### Data for processing:
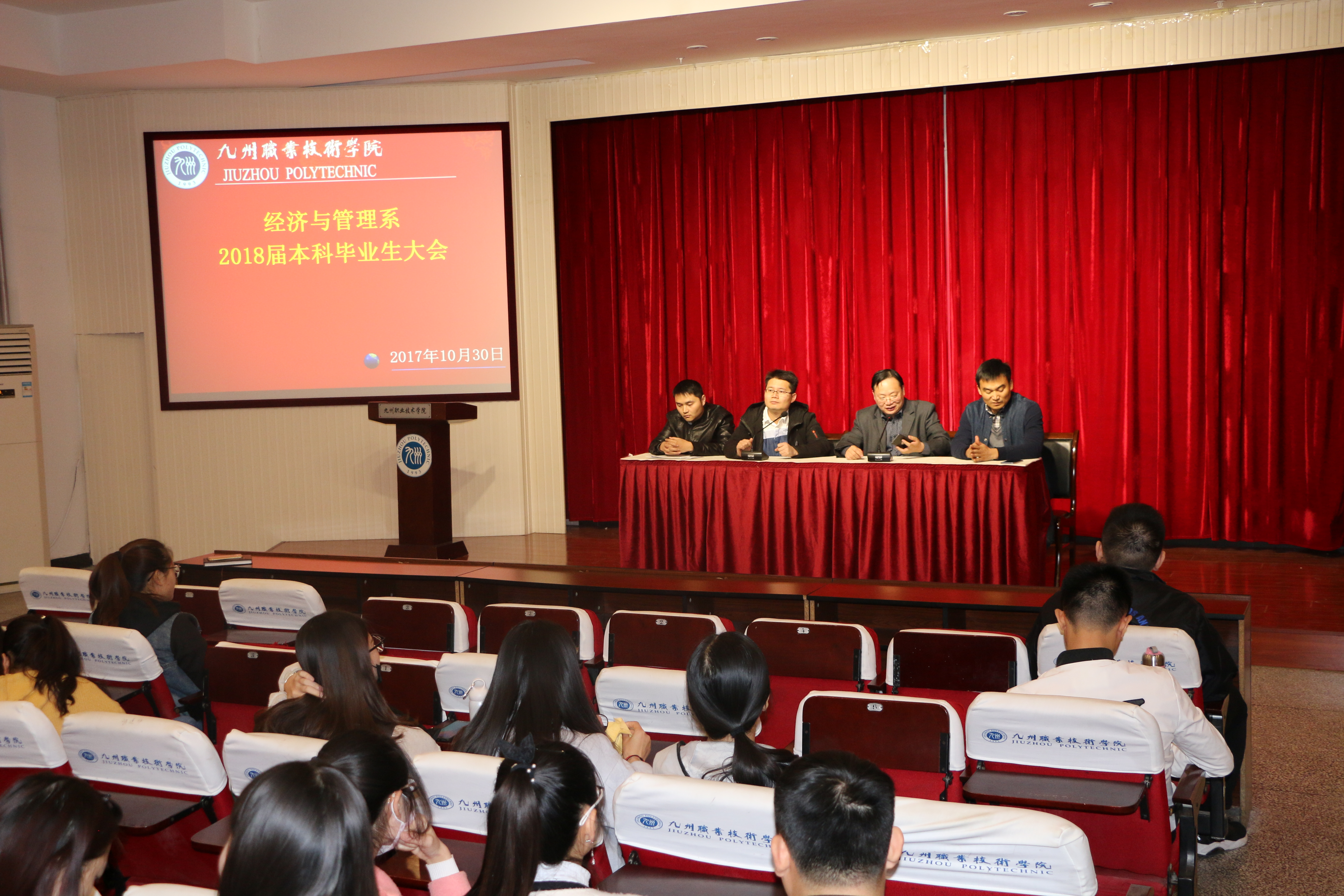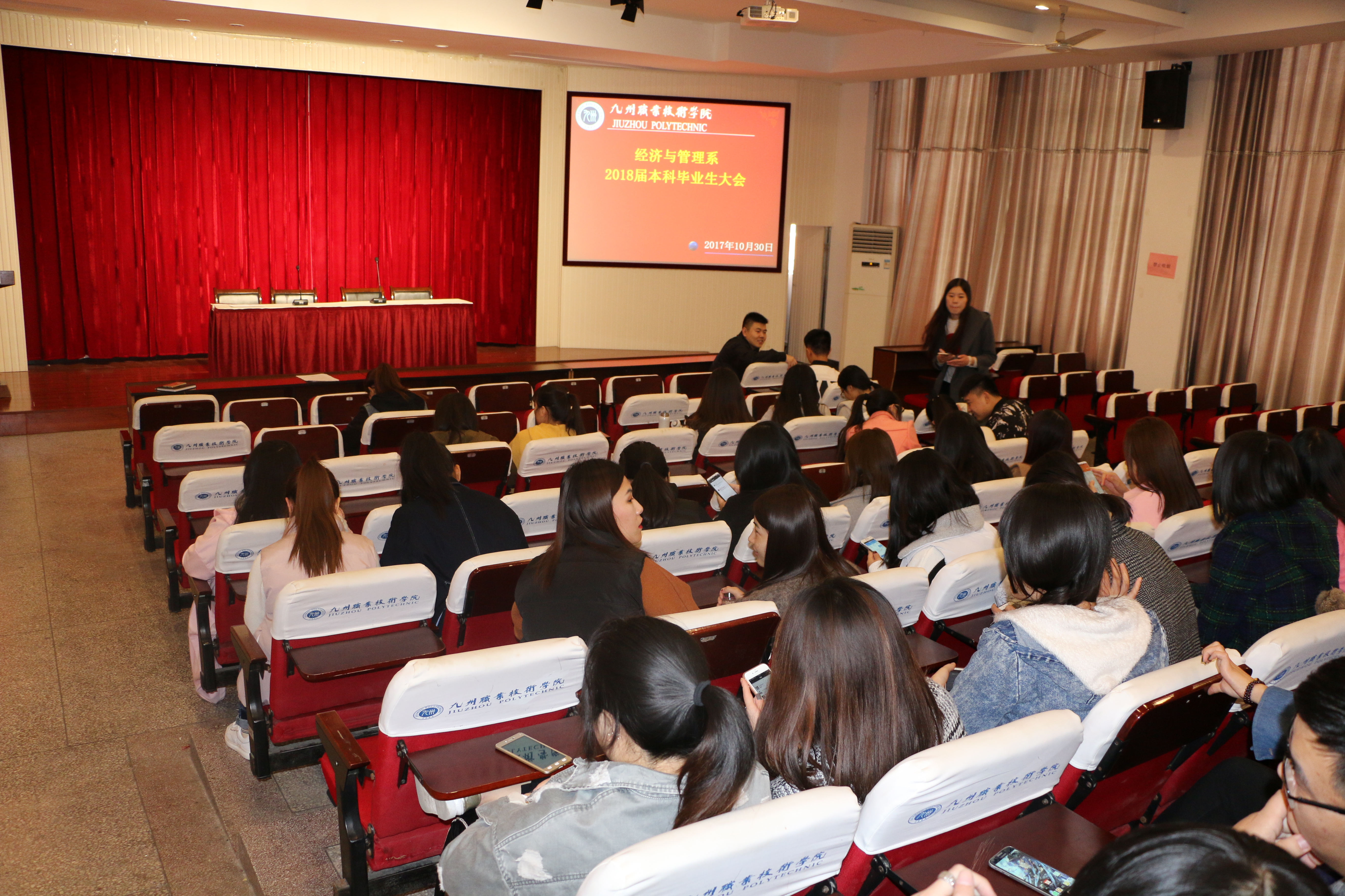 2017年10月25日下午2点在主南2召开经济与管理系2018届本科生毕业生动员大会,出席会议有系主任张道响、教学副主任冯之坦、指导教师、毕业班辅导员以及14级本科班毕业生3个班120名同学。
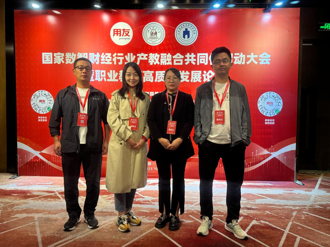 10月14日,由全国工商联人才交流服务中心、中国商业会计学会指导,用友网络科技股份有限公司、上海财经大学、山西省财政税务专科学校牵头成立的国家数智财经行业产教融合共同体(以下简称“共同体”)成立大会在太原举行。来自全国数百家共同体成员单位普通高校、高职院校教师代表参加了本次会议。Beat365正版唯一官网必一Beat365正版唯一官网必一副院长聂蕴、学工办主任张昂、金融教研室主任赵静、酒管教研室主任李小闯一行受邀赴太原参加了国家数智财经行业产教融合共同体启动大会暨职业教育高质量发展论坛。
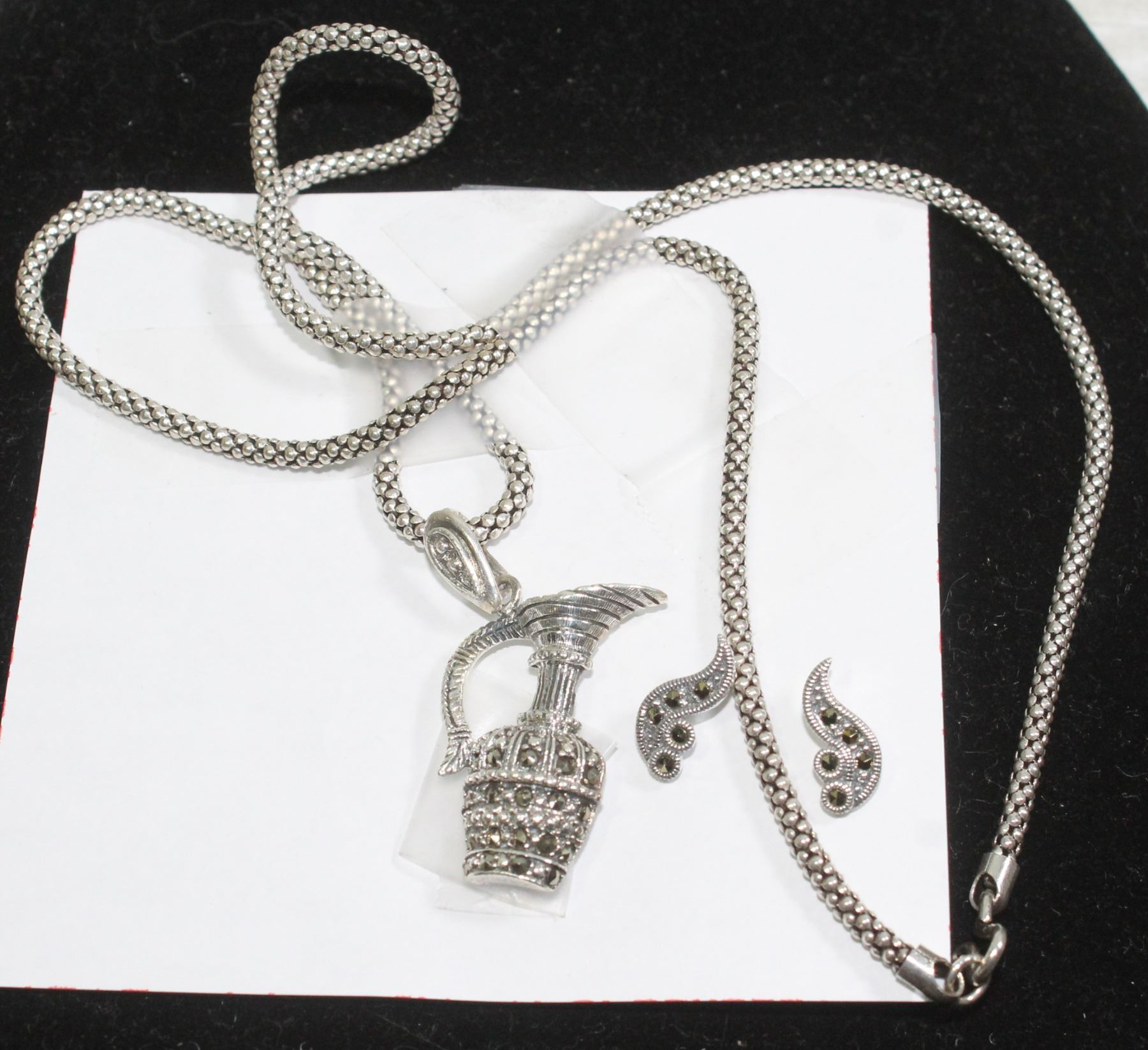 .925 SILVER NECKLACE WITH PENDANT & EARRINGS
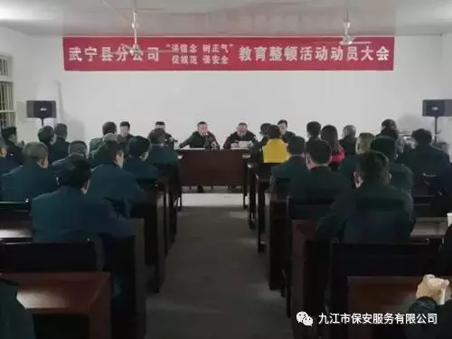 为提高保安员的综合素质,为客户提供更优质的服务, 3月31日 晚,武宁县分公司开展了“讲信念、树正气、促规范、保安全”教育整顿活动动员大会。公司保安员 、 押运员 、机关工作人员共58人参加会议
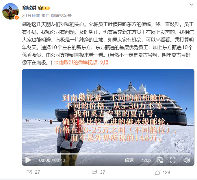 随后,俞敏洪又在社交平台连发10条南极游视频,在网上引发持续关注。11月18日晚,俞敏洪在社交平台发布视频疑似回应争议,他在视频中称:“这次应奚老师邀请来南极,在深刻感受大自然壮美的同时,也一起探讨了未来中国孩子自然教育的前景。新东方将会成立专门的青少年探索中心,带领孩子们探索大自然,用科学的方式让孩子们理解大自然、爱上大自然、保护大自然!专门针对青少年的南极考察之旅也有望在明年冬天开启。”
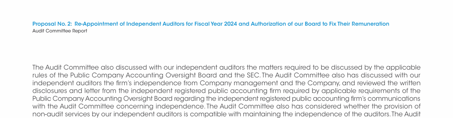 Proposal No. 2: Re-Appointment of Independent Auditors for Fiscal Year 2024 and Authorization of our Board to Fix Their Remuneration
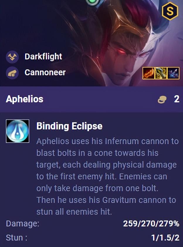 技能:厄斐琉斯向他的目标发射5/5/7颗弹体,每一颗弹体对命中的第一个敌人造成2.59/2.7/2.8ad的物理伤害,对同一个敌人造成的后续伤害会降低80%,然后厄斐琉斯会切换成坠明击晕被击中的全部敌人,眩晕他们1/1.5/2秒。
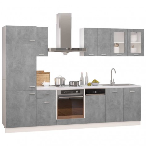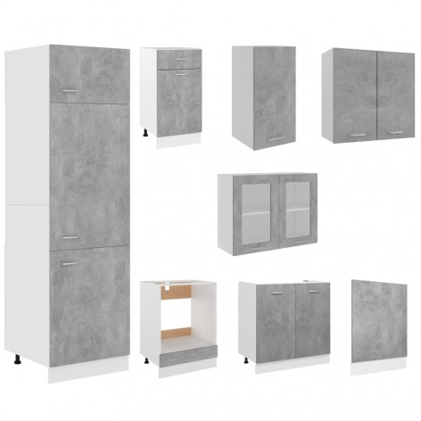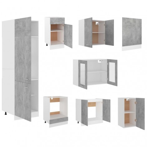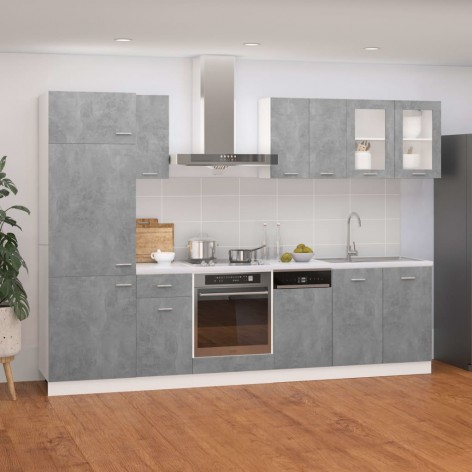 Set Armadi da Cucina 8 pz Grigio Cemento in Truciolato
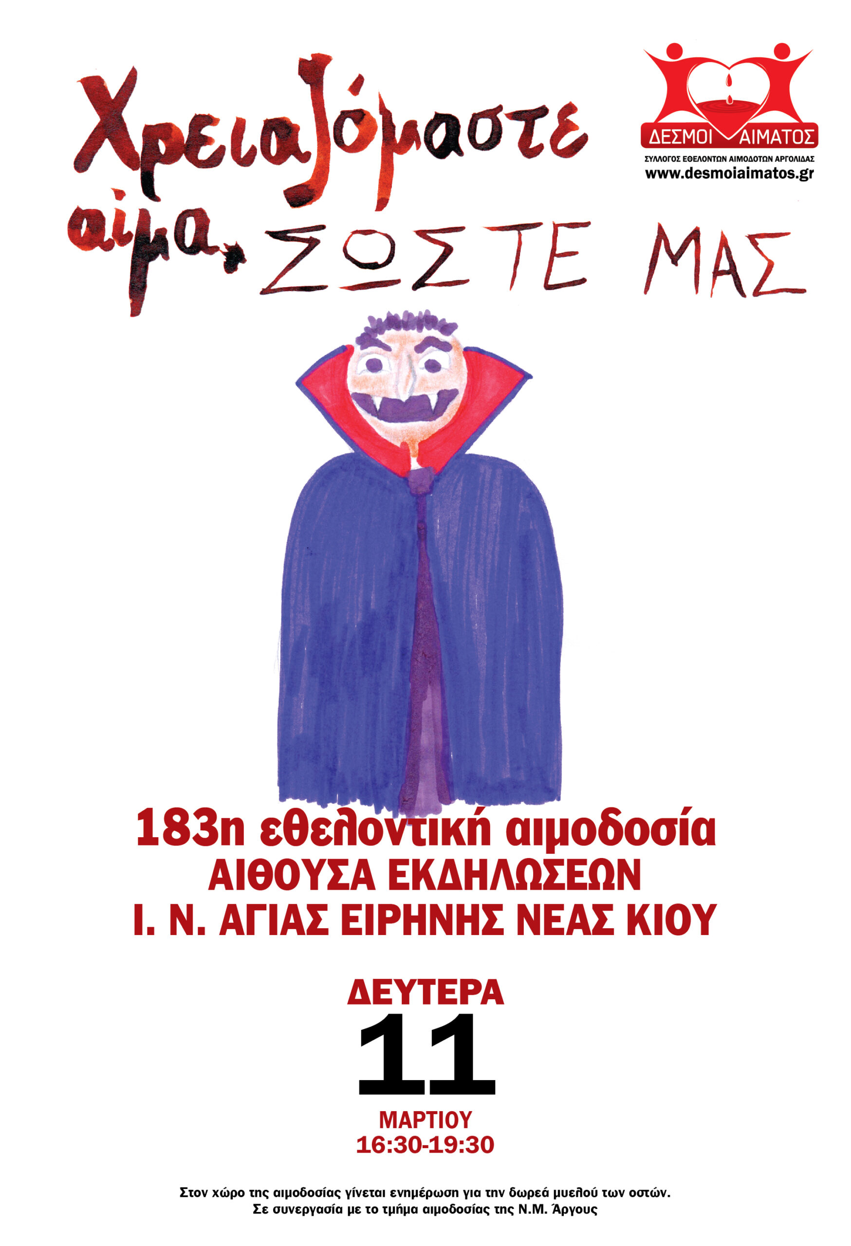 Όλοι έχουμε τη δύναμη να γίνουμε ήρωες στις καρδιές αυτών που χρειάζονται. Μια σταγόνα αίματος από εσάς μπορεί να σημαίνει μια ζωή για κάποιον άλλο. Με κάθε αιμοδοσία, δε δίνετε μόνο αίμα, αλλά ελπίδα, δύναμη και θάρρος σε όσους αγωνίζονται για τη ζωή τους.
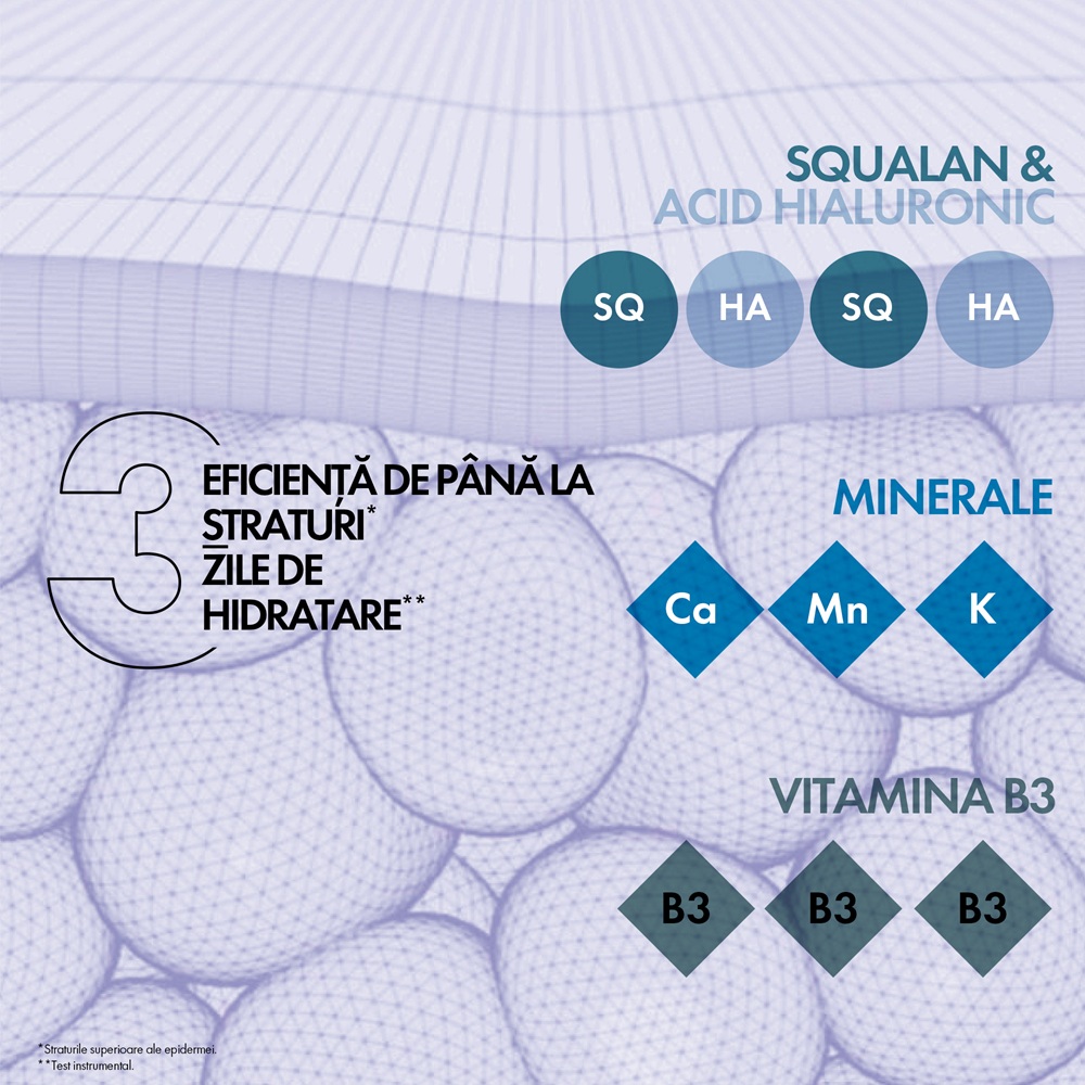 Proprietati:- imbogatita cu tehnologia Osmoskin, crema formulata cu acid hialuronic, minerale, vitamine si squalan ajuta la refacerea barierei de hidratare a pielii si menține hidratarea pana la 72 de ore;
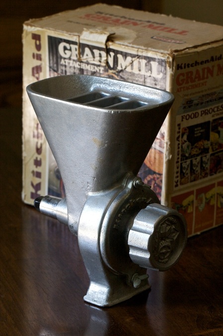 I’ve been grinding my own flour for several years now. Up until last week I was using a hand-me-down KitchenAid Grain Mill Attachment. It’s a oldie, and has been passed around through many hands. My dad’s cousin bought it back a long time ago and after she quit using it she gave it to my mom who used it for a while. My sister borrowed it and used it until she bought a NutriMill Grain Mill. Back to my mom it went. She used it for grinding up lentils and other grains to make her own dog food, but never used it for homemade flour. When I bought some grain with my sister, I borrowed it from my mom and started using it to make flour for baking. I had an old Kitchenaid that I attached it to and that one finally died, so it was time to upgrade to a real mill.
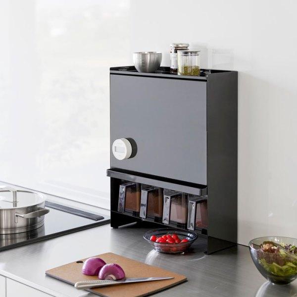 ●調味料ボトルやスパイス類を隠して一括収納!
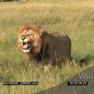 African Lion (Panthera leo) male flehming for smelling female in heat
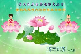 师父您好,您辛苦了! 我代表河南焦作全体大法弟子向您问好,祝师父生日快乐。普天同庆世界法轮大法日。我们一定听师父的话,精進修炼,救度众生,并认真做好大法弟子应该做的三件事,以兑现为法而来的誓约。 河南省焦作市全体大法弟子合十敬上 二零一三年五月三日
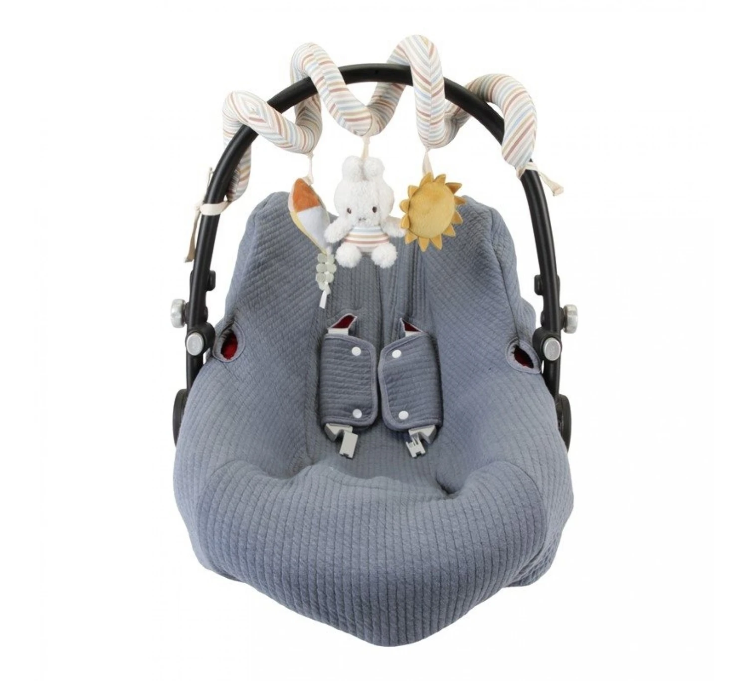Probeer nijntje maar te pakken! Deze wagenspanner is niet alleen mooi om naar te kijken als je onderweg bent, hij nodigt ook uit om te spelen. nijntje en de vlieger en zon uit de Vintage Sunny Stripes-collectie van Little Dutch hebben elk een functie om te ontdekken. Vind het ratelende geluid, het piepen en knisperen! Bevestig de wagenspanner gemakkelijk aan het autostoeltje of de kinderwagen en je kleintje zal zich vermaken als jullie onderweg zijn. Ook goed voor de hand-oogcoördinatie!

### Assignment:
Without the pictures, write out all of the material exactly.

### Answer space:
 2017年10月25日下午2点在主南2召开经济与管理系2018届本科生毕业生动员大会,出席会议有系主任张道响、教学副主任冯之坦、指导教师、毕业班辅导员以及14级本科班毕业生3个班120名同学。
 10月14日,由全国工商联人才交流服务中心、中国商业会计学会指导,用友网络科技股份有限公司、上海财经大学、山西省财政税务专科学校牵头成立的国家数智财经行业产教融合共同体(以下简称“共同体”)成立大会在太原举行。来自全国数百家共同体成员单位普通高校、高职院校教师代表参加了本次会议。Beat365正版唯一官网必一Beat365正版唯一官网必一副院长聂蕴、学工办主任张昂、金融教研室主任赵静、酒管教研室主任李小闯一行受邀赴太原参加了国家数智财经行业产教融合共同体启动大会暨职业教育高质量发展论坛。
 .925 SILVER NECKLACE WITH PENDANT & EARRINGS
 为提高保安员的综合素质,为客户提供更优质的服务, 3月31日 晚,武宁县分公司开展了“讲信念、树正气、促规范、保安全”教育整顿活动动员大会。公司保安员 、 押运员 、机关工作人员共58人参加会议
 随后,俞敏洪又在社交平台连发10条南极游视频,在网上引发持续关注。11月18日晚,俞敏洪在社交平台发布视频疑似回应争议,他在视频中称:“这次应奚老师邀请来南极,在深刻感受大自然壮美的同时,也一起探讨了未来中国孩子自然教育的前景。新东方将会成立专门的青少年探索中心,带领孩子们探索大自然,用科学的方式让孩子们理解大自然、爱上大自然、保护大自然!专门针对青少年的南极考察之旅也有望在明年冬天开启。”
 Proposal No. 2: Re-Appointment of Independent Auditors for Fiscal Year 2024 and Authorization of our Board to Fix Their Remuneration
 技能:厄斐琉斯向他的目标发射5/5/7颗弹体,每一颗弹体对命中的第一个敌人造成2.59/2.7/2.8ad的物理伤害,对同一个敌人造成的后续伤害会降低80%,然后厄斐琉斯会切换成坠明击晕被击中的全部敌人,眩晕他们1/1.5/2秒。
 Set Armadi da Cucina 8 pz Grigio Cemento in Truciolato
 Όλοι έχουμε τη δύναμη να γίνουμε ήρωες στις καρδιές αυτών που χρειάζονται. Μια σταγόνα αίματος από εσάς μπορεί να σημαίνει μια ζωή για κάποιον άλλο. Με κάθε αιμοδοσία, δε δίνετε μόνο αίμα, αλλά ελπίδα, δύναμη και θάρρος σε όσους αγωνίζονται για τη ζωή τους.
 Proprietati:- imbogatita cu tehnologia Osmoskin, crema formulata cu acid hialuronic, minerale, vitamine si squalan ajuta la refacerea barierei de hidratare a pielii si menține hidratarea pana la 72 de ore;
 I’ve been grinding my own flour for several years now. Up until last week I was using a hand-me-down KitchenAid Grain Mill Attachment. It’s a oldie, and has been passed around through many hands. My dad’s cousin bought it back a long time ago and after she quit using it she gave it to my mom who used it for a while. My sister borrowed it and used it until she bought a NutriMill Grain Mill. Back to my mom it went. She used it for grinding up lentils and other grains to make her own dog food, but never used it for homemade flour. When I bought some grain with my sister, I borrowed it from my mom and started using it to make flour for baking. I had an old Kitchenaid that I attached it to and that one finally died, so it was time to upgrade to a real mill.
 ●調味料ボトルやスパイス類を隠して一括収納!
 African Lion (Panthera leo) male flehming for smelling female in heat
 师父您好,您辛苦了! 我代表河南焦作全体大法弟子向您问好,祝师父生日快乐。普天同庆世界法轮大法日。我们一定听师父的话,精進修炼,救度众生,并认真做好大法弟子应该做的三件事,以兑现为法而来的誓约。 河南省焦作市全体大法弟子合十敬上 二零一三年五月三日
Probeer nijntje maar te pakken! Deze wagenspanner is niet alleen mooi om naar te kijken als je onderweg bent, hij nodigt ook uit om te spelen. nijntje en de vlieger en zon uit de Vintage Sunny Stripes-collectie van Little Dutch hebben elk een functie om te ontdekken. Vind het ratelende geluid, het piepen en knisperen! Bevestig de wagenspanner gemakkelijk aan het autostoeltje of de kinderwagen en je kleintje zal zich vermaken als jullie onderweg zijn. Ook goed voor de hand-oogcoördinatie!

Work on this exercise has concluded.